The plot of the original movie has been given a total makeover. Whereas in the original 1968 version, Steve McQueen organised a $2 million bank robbery, in a very 60's blow against the system, Brosnan pulls off an art robbery single handed, walking out a museum with a Monet painting worth fifty times the amount. However, the essence of the original movie has been retained, and revolves around a tough-nosed female insurance investigator conducting an ambiguous love affair (Rene Russo) with millionaire playboy Thomas Crown (Pierce Brosnan), whilst at the same time trying to trap her seemingly uncatchable quarry.
Conceived as a star vehicle between Bond movies by Pierce Brosnan's very own Dreamtime Films as the perfect vehicle for his 007-buffed persona, the script underwent several rewrites, including ditching the script that later became the rival and disappointing Sean Connery/Catherine Zeta Jones movie 'Entrapment'. And whereas Steve McQueen was surprisingly entirely cast against type in the 1968 original, the role of rugged bored playboy Thomas Crown fits Brosnan to an absolute tee. It is also to Director John McTiernan and Pierce Brosnan's credit that (the then) 45 year old Russo was cast opposite Brosnan in the role originally made famous by Faye Dunaway, unlike the ridiculous and almost sickening pairing of Grandfather Sean Connery and the young enough to be his granddaughter Catherine Zeta Jones in rival production 'Entrapment'. Russo looks wonderful for her age and the sexual chemistry between her and Brosnan is excellent.

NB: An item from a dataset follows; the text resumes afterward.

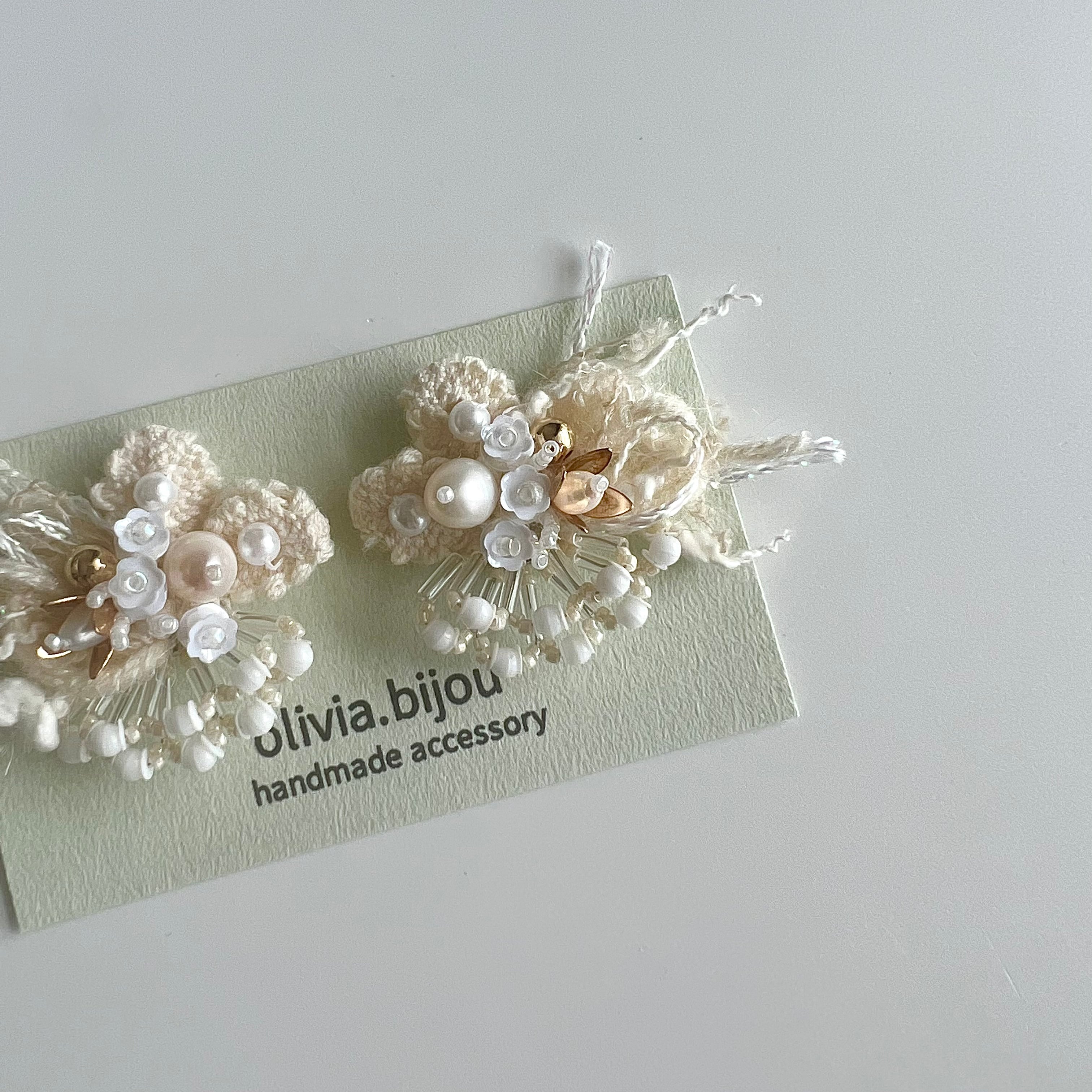 ※こちらのピアスは一つ一つ手作業で作製している為、同じ位置にパーツやリボン、また天然素材のパーツを使っている為、形やビーズの大きさはそれぞれ

As for John McTiernan (the top notch action Director behind such successful movies as Die Hard, Predator and The Hunt For Red October, Die Hard With A Vengeance) he doesn't try to copy the original in any way shape or form and thankfully avoids the split screen gimmickery of the original and instead replaces it with a much more glossy, snappy and modern style perfect for the movie.
All in all this is an excellent caper movie with plenty of twists and turns to keep you guessing and keep you happy. Well worth watching and well worth owning, this is one of the first titles I bought on DVD and if you haven't seen it, I highly recommend it.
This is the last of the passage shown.